▶ WHAT TO PRODUCE
Leaving out the pictures, return each line of the entries from the first through the line with "[3]Chen, C. et", and only those lines.

▶ MATERIAL TO PROCESS

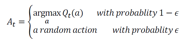greedy algorithm은 Reward가 가장 높은 arm을 선택하는 방식인데, 이 방식은 Exploration이 적어지게 되므로 일정한 확률로 Reward가 높은 arm이 아닌 랜덤으로 arm을 선택하는 방식입니다.
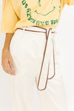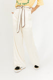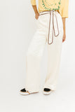 - cream // wide leg, back zipper closure, removable tie, belt loops, working pockets
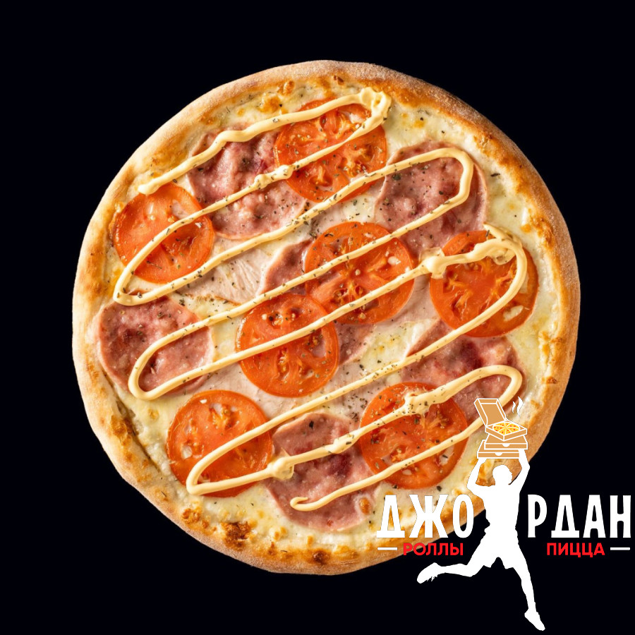 Ветчина, шапиньоны, свежие помидоры, сыр моцарелла, фирменный красный соус.
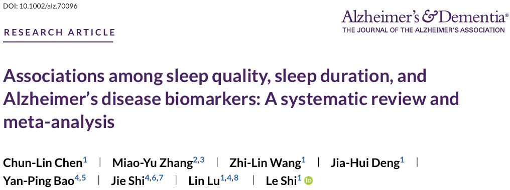 [3]Chen, C. et al. Associations among sleep quality, sleep duration, and Alzheimer’s disease biomarkers: A systematic review and meta‐analysis. Alzheimer S & Dementia 21, (2025).
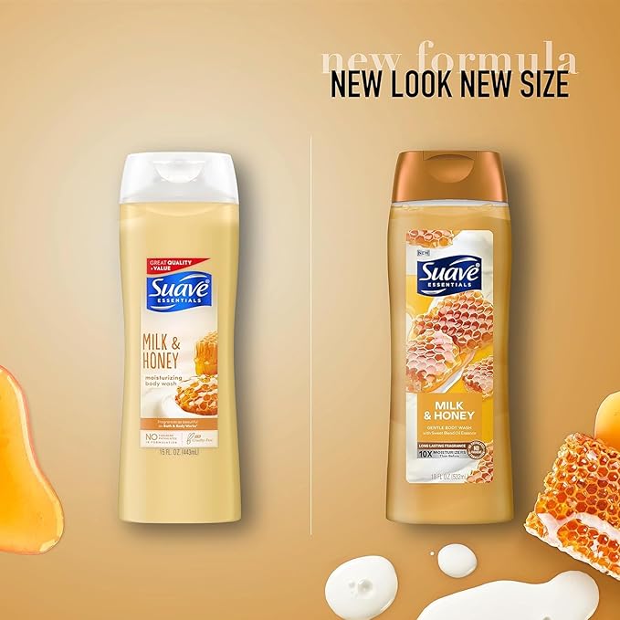 • Product 2: Allow us to reintroduce ourselves! Suave Essentials Body Washes are now new and improved, featuring a new look, long-lasting fragrances, and 10x the moisturizers than before.
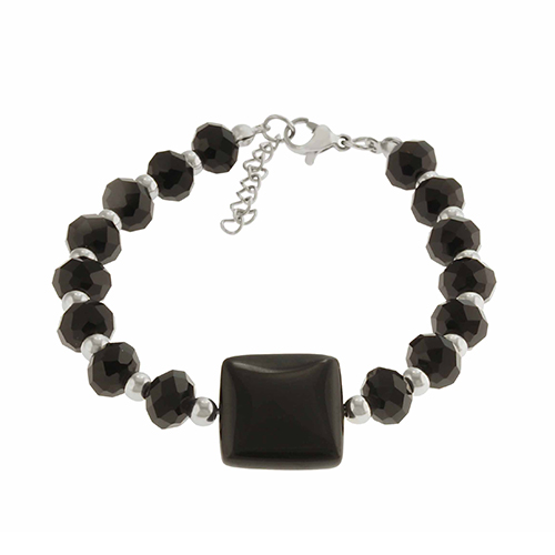 WITH BLACK CRYSTAL BEADS AND ONE BLACK ONXY IN THE CENTRE
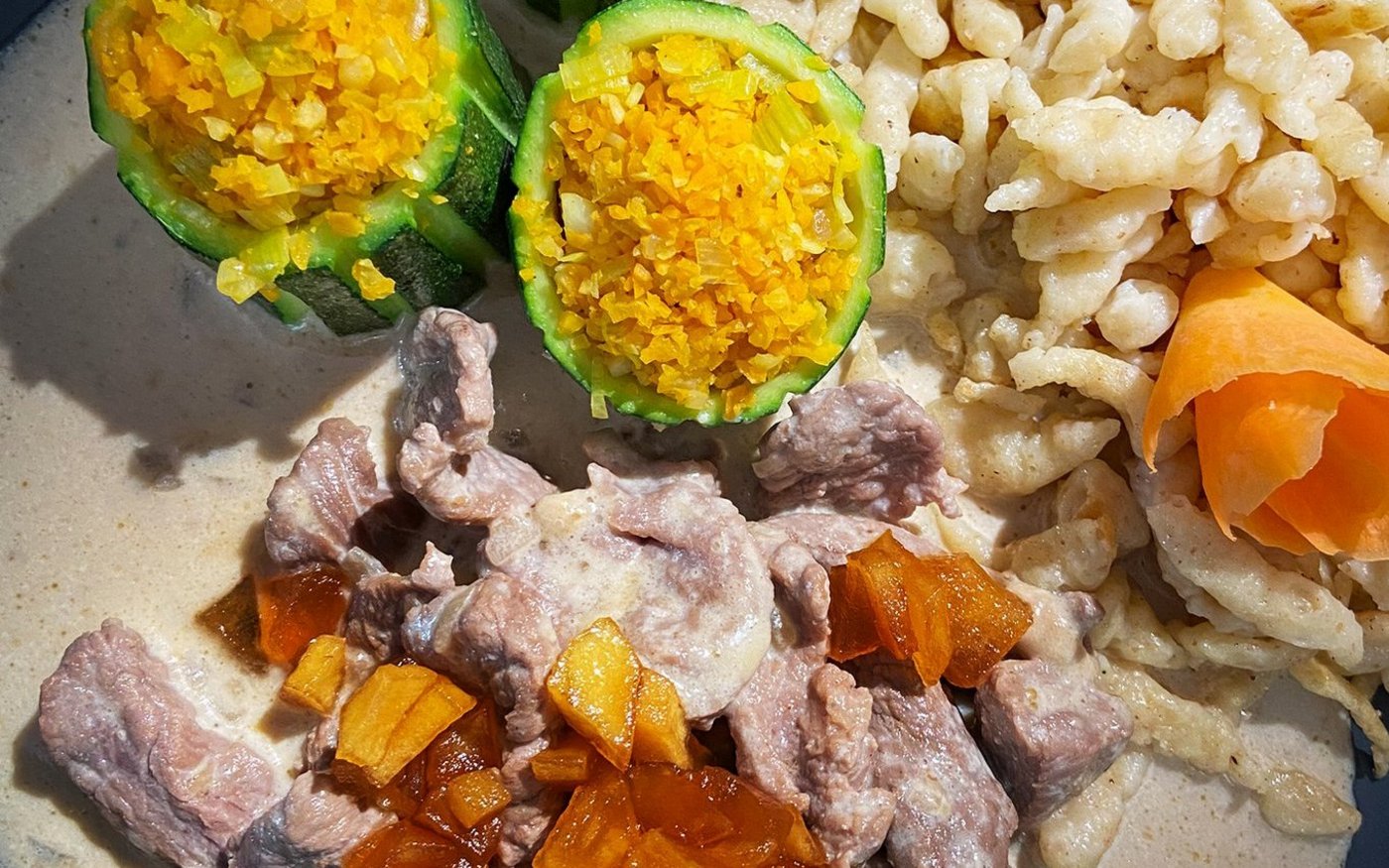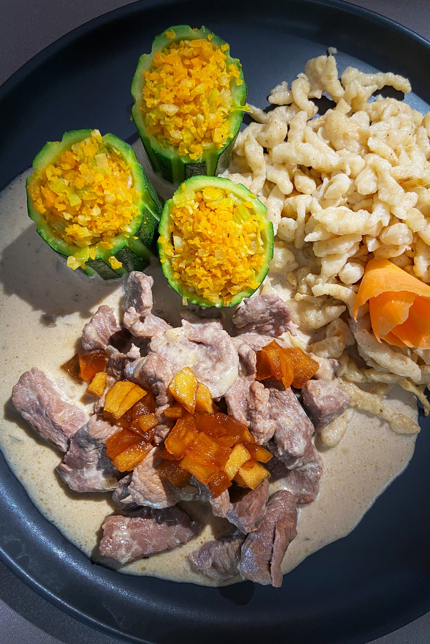 Je drei gefüllte Zucchetti auf vorgewärmte Teller anrichten. Spätzli dazu anrichten. Mit Rüeblirösli garnieren. Geschnetzeltes und Sauce dazu anrichten und mit karamellisierten Apfelstücken belegen.

▶ SOLVED EXERCISE
greedy algorithm은 Reward가 가장 높은 arm을 선택하는 방식인데, 이 방식은 Exploration이 적어지게 되므로 일정한 확률로 Reward가 높은 arm이 아닌 랜덤으로 arm을 선택하는 방식입니다.
 - cream // wide leg, back zipper closure, removable tie, belt loops, working pockets
 Ветчина, шапиньоны, свежие помидоры, сыр моцарелла, фирменный красный соус.
 [3]Chen, C. et al. Associations among sleep quality, sleep duration, and Alzheimer’s disease biomarkers: A systematic review and meta‐analysis. Alzheimer S & Dementia 21, (2025).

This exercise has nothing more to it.